Та швырнула ключи на стойку.

– Жалко, что я с тобой не могу, парнишка.

– Могу ли я к вам присоединиться? – вопросил Г. Ф.

Гейб кивнул и посмотрел на Вэл:

– Они твои пациенты.

Вэлери вжалась спиной в стойку:

– Там все обязательно взорвется, а когда полетят брызги, меня посадят в тюрьму. И я должна тебе в этом помогать?

– Да, – ответил Гейб.

– Почему?

– Потому что так правильно, потому что для меня это важно, а ты меня любишь.

Вэл смотрела на него долгую минуту, потом сдернула со стойки сумочку.
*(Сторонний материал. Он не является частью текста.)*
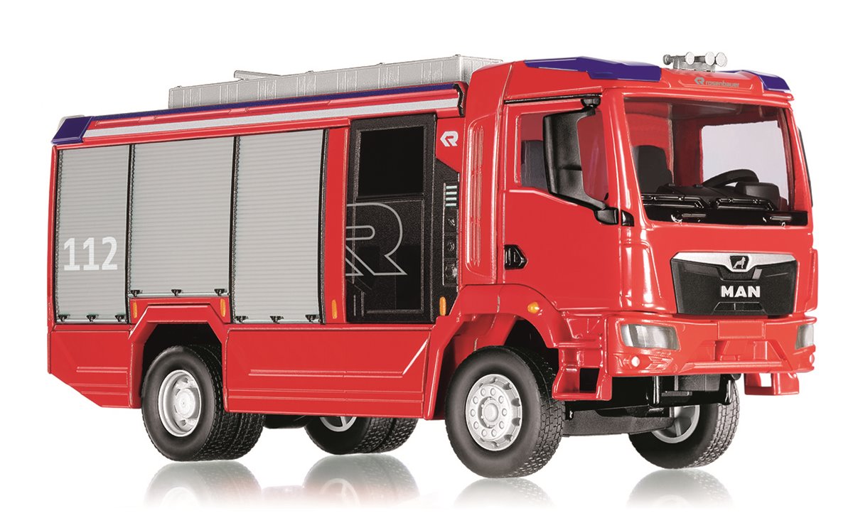 Mit dem Rosenbauer-Einsatzfahrzeug stellt WIKING ein maßstabsgetreues 1:43-Fahrzeug vor, das genauso wie sein Vorbild als kompaktes und ebenso wendiges Hilfeleistungslöschfahrzeug erscheint. Die „AT“-Baureihe erscheint im Maßstab 1:43 auf MAN TGM-Fahrgestell und erfreut sich sorgfältigster Bedruckung. Besonders augenfällig: Die von Rosenbauer optional angebotenen Glastüren für den hinteren Kabineneinstieg sind beim Modell ebenfalls transparent gehalten und geben den Blick für den Betrachter frei – bei der Kabine wird das Innere angedeutet. Das Rosenbauer-Logo prangt als Silhouette auf der Tür. Das Modell mit hoher Wertanmutung besteht aus lackierten Zinkdruckgussbauteilen, die mit Kunststoffelementen kombiniert und per Filigranbedruckung authentisch nachgebildet sind.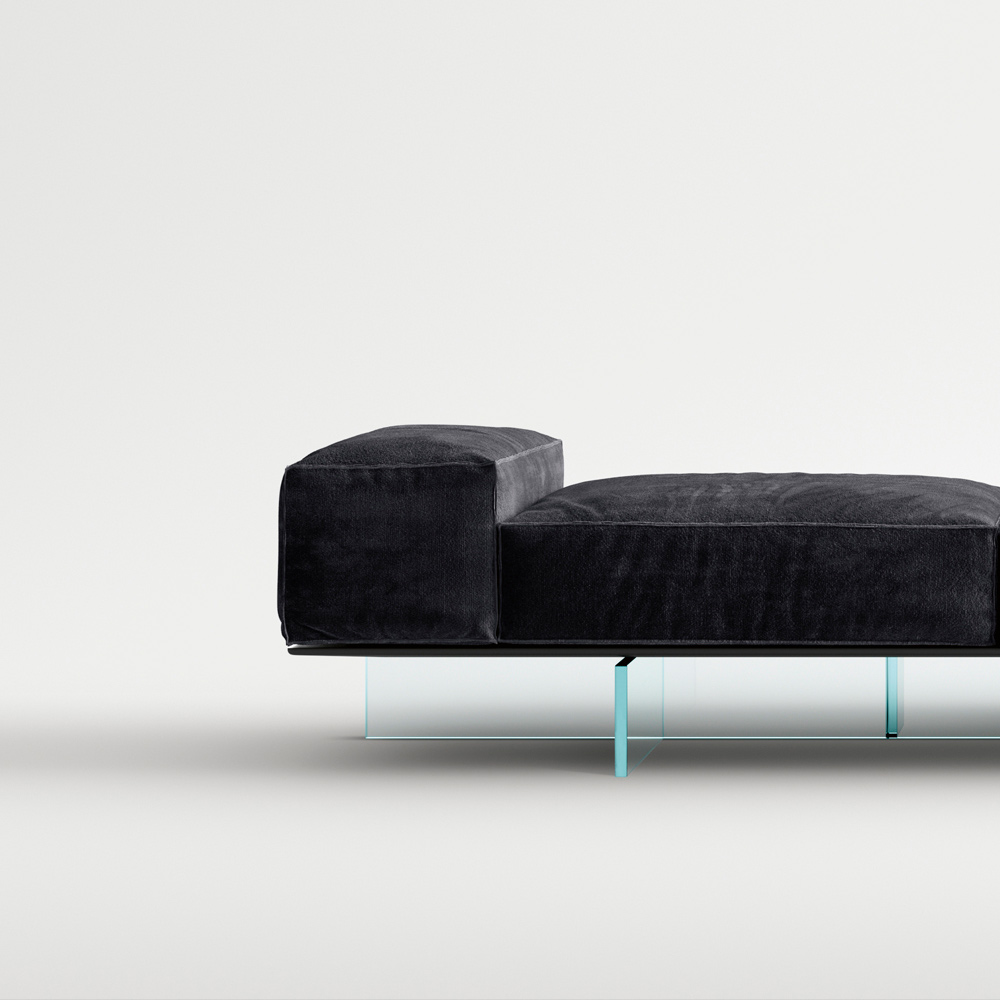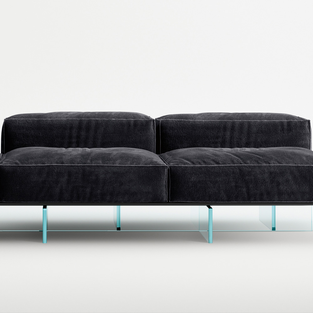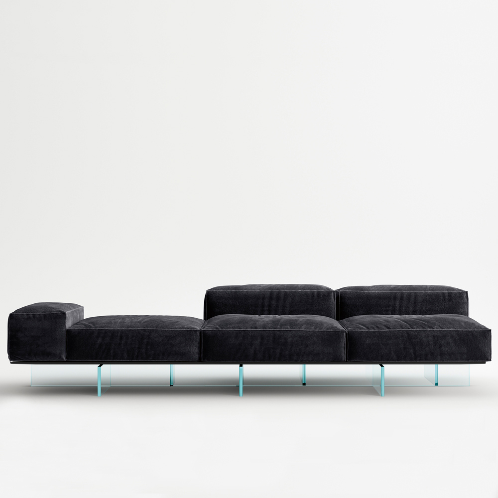 Composto por volumes macios e generosamente acolchoados, o sistema de assentos introduz uma nova forma de conceber o espaço habitacional, com elementos que permitem composições originais, mais dinâmicas e informais. O sofá mantém a leveza visual graças à base composta por pés de vidro laminado que sustentam uma plataforma de madeira sobre a qual repousam os elementos estofados. Tecidos sofisticados de alta qualidade e detalhes refinados nas embalagens são os diferenciais de um projeto de caráter nada convencional.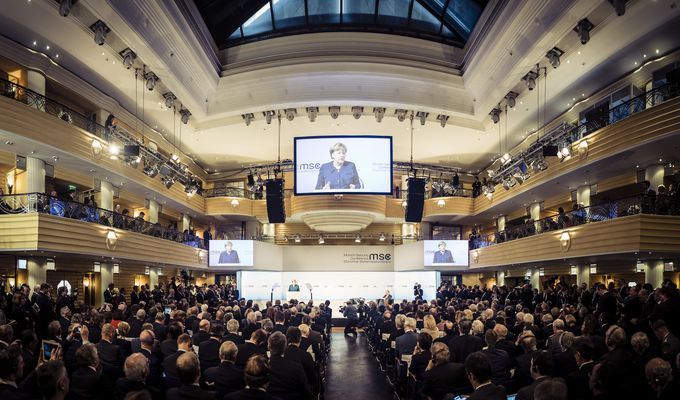 Angela Merkel is addressing the participants of the Munich Security Conference 2017.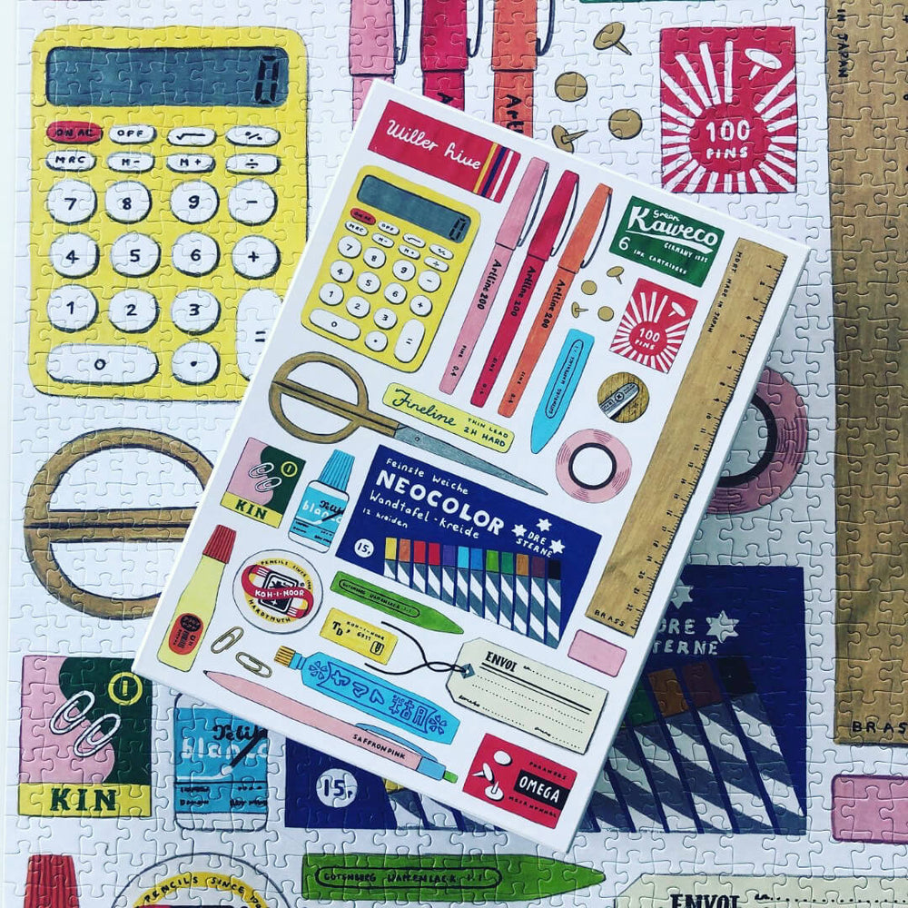 - 1000 piece jigsaw puzzle featuring a detailed illustration of stationery

– Я поеду, но из тюрьмы ты от меня будешь получать только письма с угрозами.

Мэвис глянула на Сомика:

– А ты?

– Поезжайте. А на мне все равно блюза нависла.

Все направились к двери.

– Не беспокойся, милочка, – крикнула им вслед Мэвис. – Никуда тебя не посадят. Мэвис об этом позаботится.

ДВАДЦАТЬ ДЕВЯТЬ

Гейб

Пока в городе не появился Стив, самым жутким доисторическим зверем на Центральном побережье был “кадиллак” Мэвис Сэнд 1956-го года. С откидным верхом, лимонно-желтого цвета, с огромной хромированной решеткой радиатора, которая, казалось, заглатывала дорогу не жуя, с позолоченными подножками, трепетавшими на ветру, точно бакенбарды на пружинках. Дневные завсегдатаи прозвали машину “Бананом”, а однажды, одержимые честолюбивым замыслом, изготовили огромную синюю наклейку “Чикита” и пришпандорили ее на крышку багажника, пока Мэвис хозяйничала в баре.